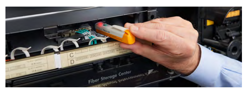
Determine if a port is live. Small size makes it easy to access cramped patch panels.
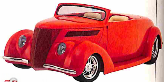
50 THIS '37 ROADSTER SHOWS YOU WHAT IT TAKES TO WIN THE NATION'S TWO MOST PRESTIGIOUS HOT ROD AWARDS.
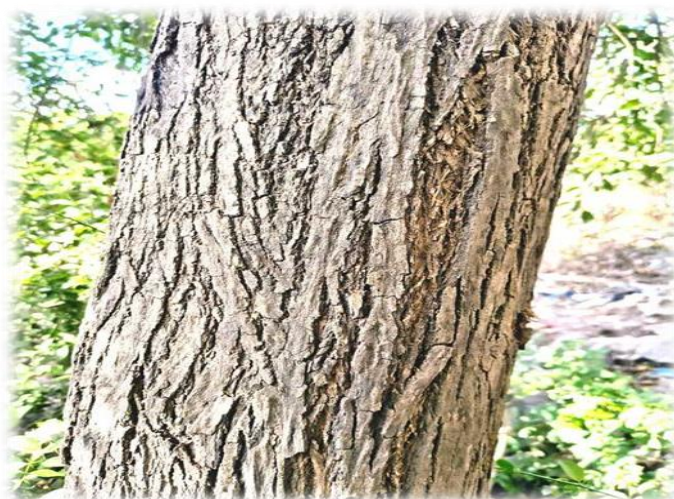
Figure 4: Bark morphology of Cordia dichotoma G. Forst showing rough, fissured surface.

Young leaves appear bright green and smooth, whereas mature leaves become thicker and slightly leathery. The petiole is short but robust, providing mechanical support to the broad lamina. The venation pattern observed in the present specimen confirms its taxonomic placement within Boraginaceae and aligns with previously reported morphological descriptions. The plant exhibits a spreading branching pattern, forming a moderately dense canopy. Leaves are often observed in clusters along young shoots, enhancing photosynthetic efficiency.
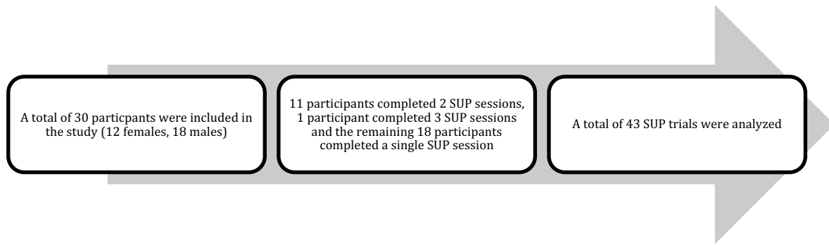
Figure 1. Description of participant breakdown and number of SUP trials that were included in the analysis.

On average, males were older (+ 13.9%), significantly taller ( p < 0.05 , +7.0%), and heavier (+ 18.5%) than female participants. Given the differences in height and mass, males also had a significantly ( p < 0.05 ) higher BMI (+ 5.8%) and Body Surface area (BSA) (+14.4%) than female SUP participants. Males rated themselves more competent than females (+ 12.0%), despite females being more experienced in SUP (+ 16.6%). Table 1 illustrates the participants physiological characteristics.
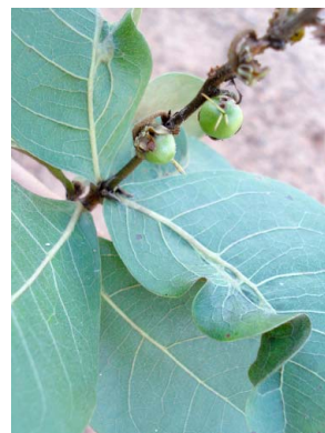
30 Byrsonima coccolobifolia
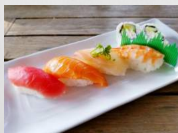
Appetizer Sushi 8.95 Tuna, Salmon, Shrimp, White Fish & Yellowtail Sushi (1pc each) / 4pc CA Roll
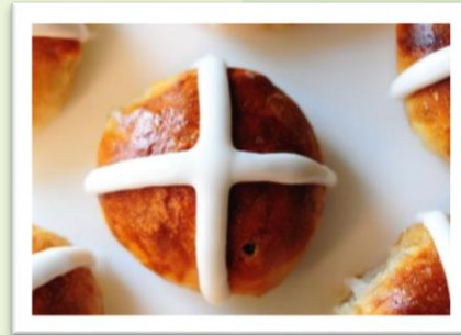
Hot cross buns
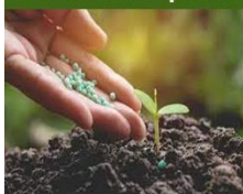
Use bio fertilizers
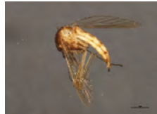
[Lateral] Aedes vexans BIN URI: BOLD:AAA7067
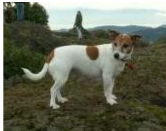
Stella (L) and Maulie (above) are missing in Highlands. Their owners search for them daily, aided by FLED, a local agency formed to help reunite lost or escaped dogs with their owners.

If you have seen either of these dogs, please contact FLED , <fledsearch.wordpress.com>. Bookmark this page, visit often, and use it to contact the volunteer members of the organization should you ever find or lose a dog. Volunteers to help search are welcome - details can be found on the website.
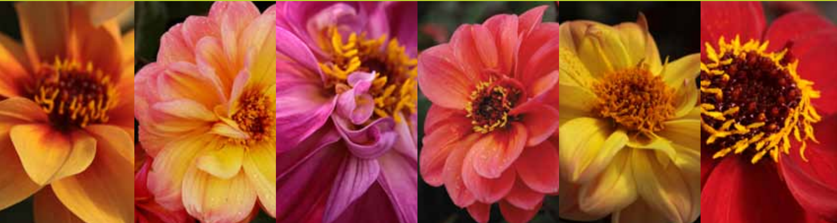
From left: Dahlia Dreamy Eyes, Fantasy, Fusion, Inspire, Moonlight, and Passion

A care-free, robust series for containers, window boxes or planted in the garden. Perfect size for a dahlia series – neither “short & dumpy” nor “big and rangy” – great for sale in quarts or gallons, with excellent presentation and retail appeal. Will work well in mixed containers or bedding for the consumer and flower non-stop from April until frost, never missing a beat. Tubers can be taken up in autumn and stored frost-free.
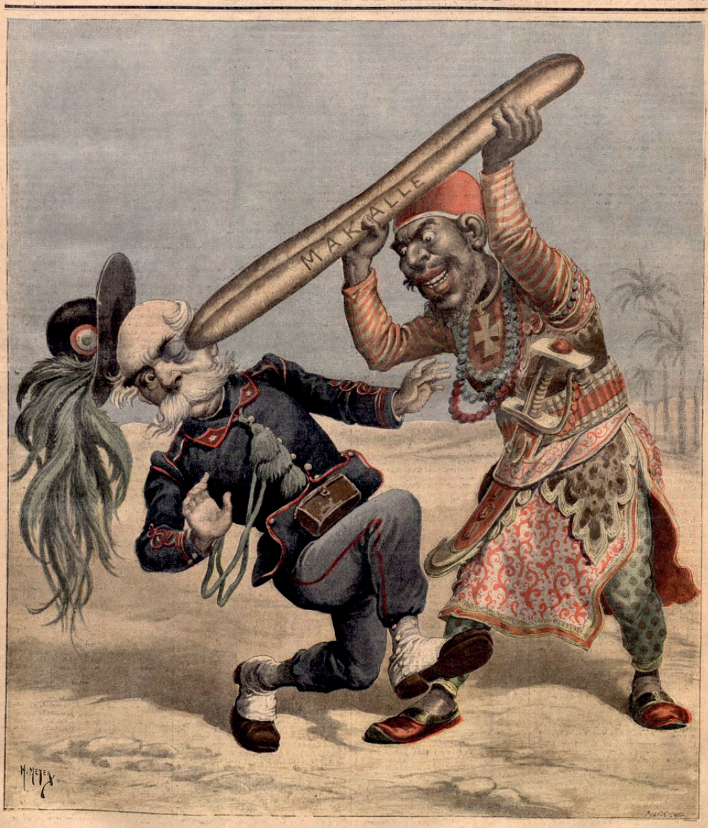
LE PAIN COMPLET
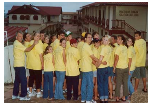
Caribbean Christian Centre for the Deaf in Jamaica.
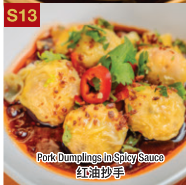
S13 Pork Dumplings in Spicy Sauce 紅油抄手
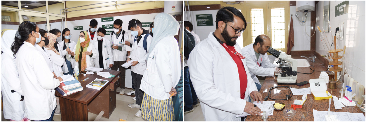
The department has 2 well equipped labs in Block F where various investigations related to Dermatology, Venereology & Leprosy are carried out.
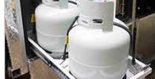
Unc ac augue vel turpis
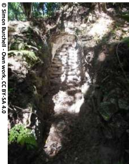
Evidence of looting activities

Experts understanding of Mayan sites in Guatemala has been hindered by the prolific activities of looters operating, at times undisturbed, among archaeological ruins in the country.
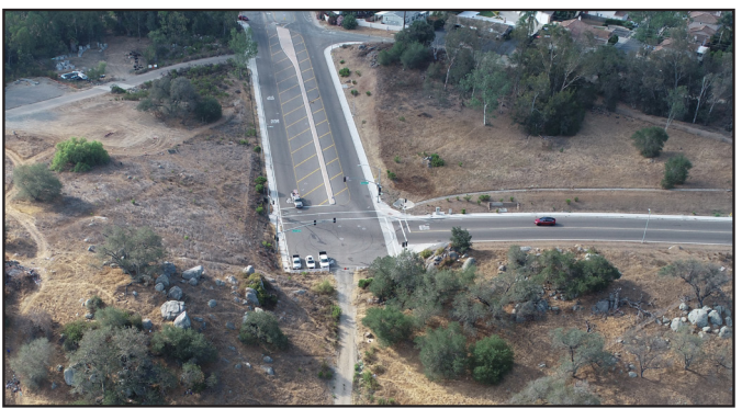
Citracado Parkway, Current Configuration South End at Harmony Grove Village Parkway
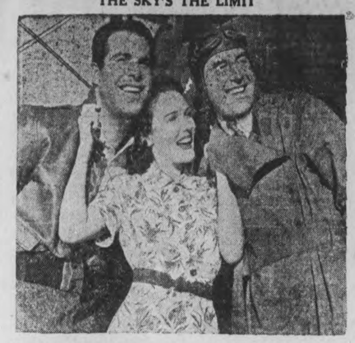
Romancers—Fred MacMurray, Ray Milland and Louise Campbell in "Men With Wings," Pitt Sun-ay-Monday.

The Bureau of Home Economics says that farm families that net $600 a year after paying all expenses get ahead financially.
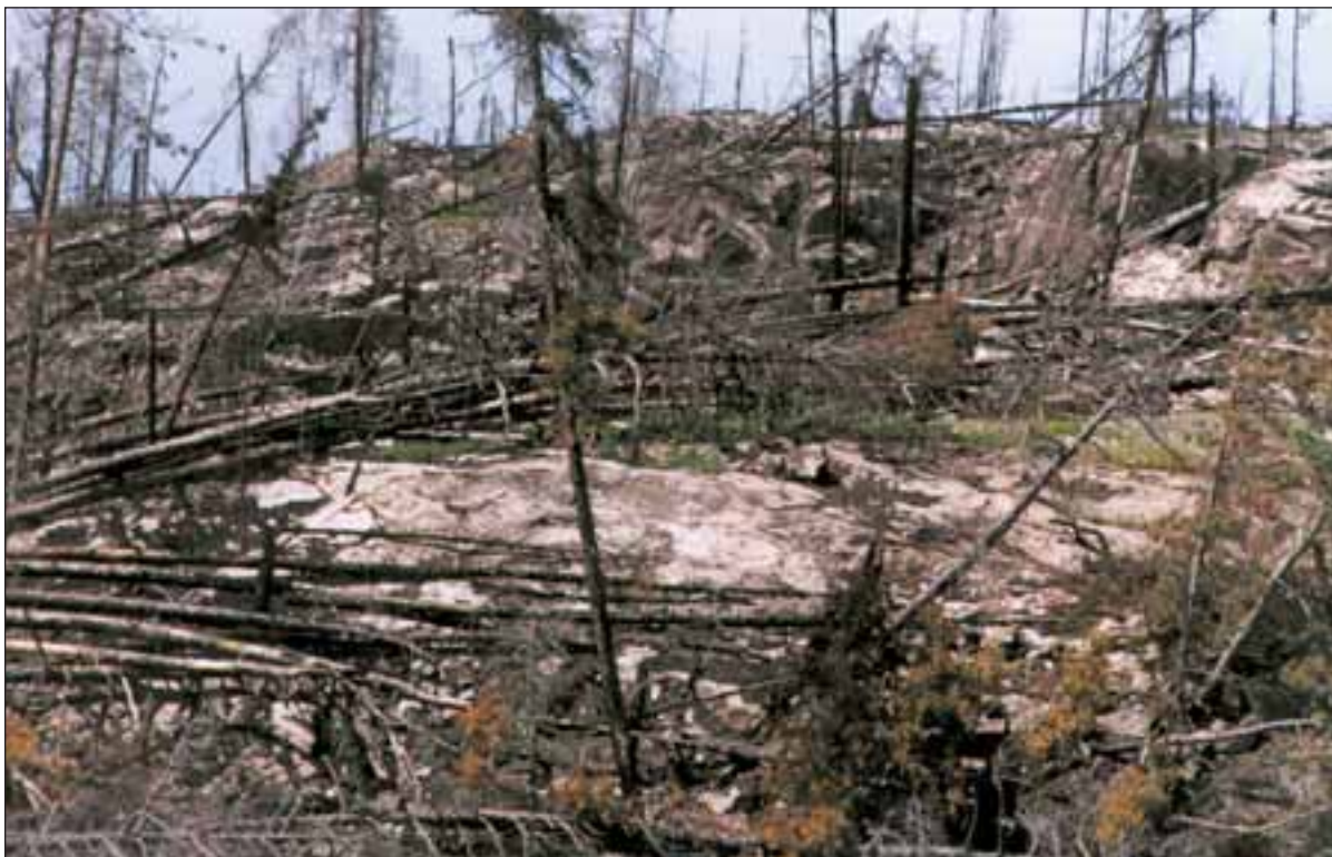
Three Mile Island, Seagull Lake, June 20, 2003.
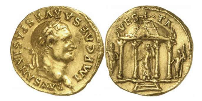
Fig. 2. Aedes Vestae aureus of Vespasian, Mint of Lyon (2× actual size) (Coin 230; Numismatische Sammlung der Deutschen Bundesbank).

attempts to identify the individual punches, known as dies, used to strike the coins. Since each die was engraved by hand and leaves an exact negative impression upon the coin, it is possible to determine, simply from examining the coins themselves, which coins were struck from the same, and which from different, dies (Metcalf, 2012: 5–6). While the vagaries of archaeological survival do not allow us to investigate more than a tiny fraction of the total number of coins originally minted, it is possible to gather a sample of coins that includes not only most of the dies that were originally used, but also most of the pairings between obverse and reverse dies. A die study thus takes us as close as possible to the original production process, which is crucial for both sections of this paper. For the iconographic analysis in Section 2, examination of all
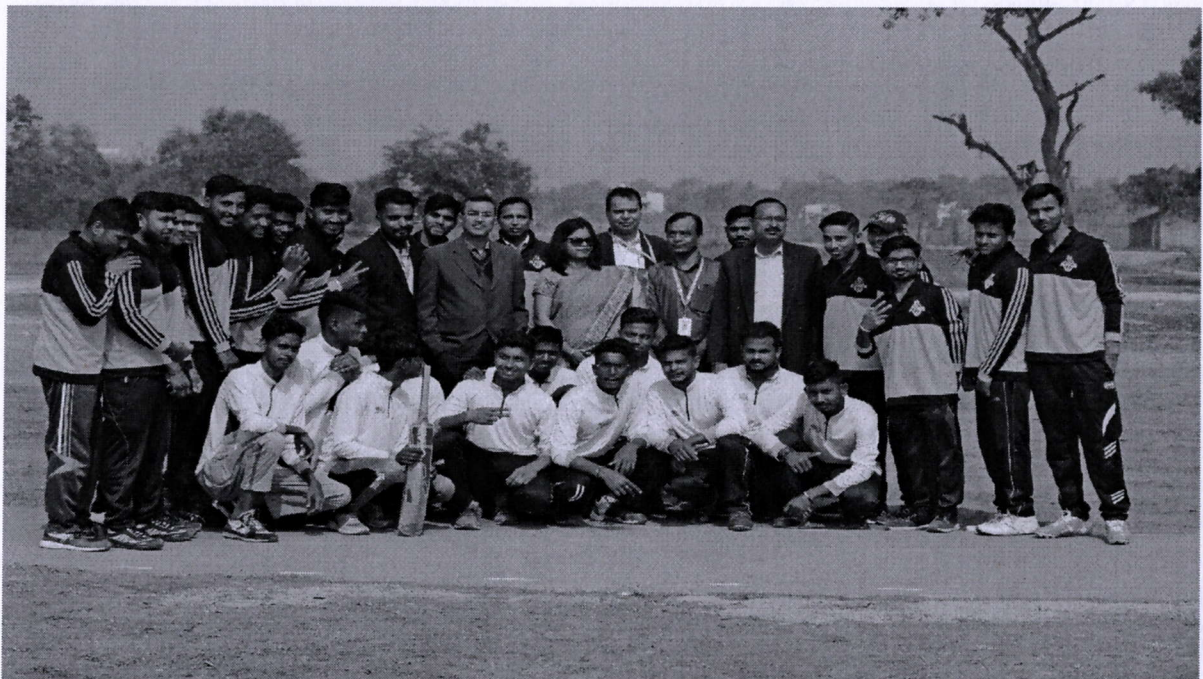
Fig. 9 Aryan Cricket Team
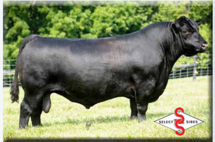
Baldrige Movin On G780

About this exercise>
Every line between the start of the listing and the line containing "Figure 4: Bark", both ends counted, needs to be printed exactly, minus the pictures.

Reply>
Determine if a port is live. Small size makes it easy to access cramped patch panels.
50 THIS '37 ROADSTER SHOWS YOU WHAT IT TAKES TO WIN THE NATION'S TWO MOST PRESTIGIOUS HOT ROD AWARDS.
Figure 4: Bark morphology of Cordia dichotoma G. Forst showing rough, fissured surface.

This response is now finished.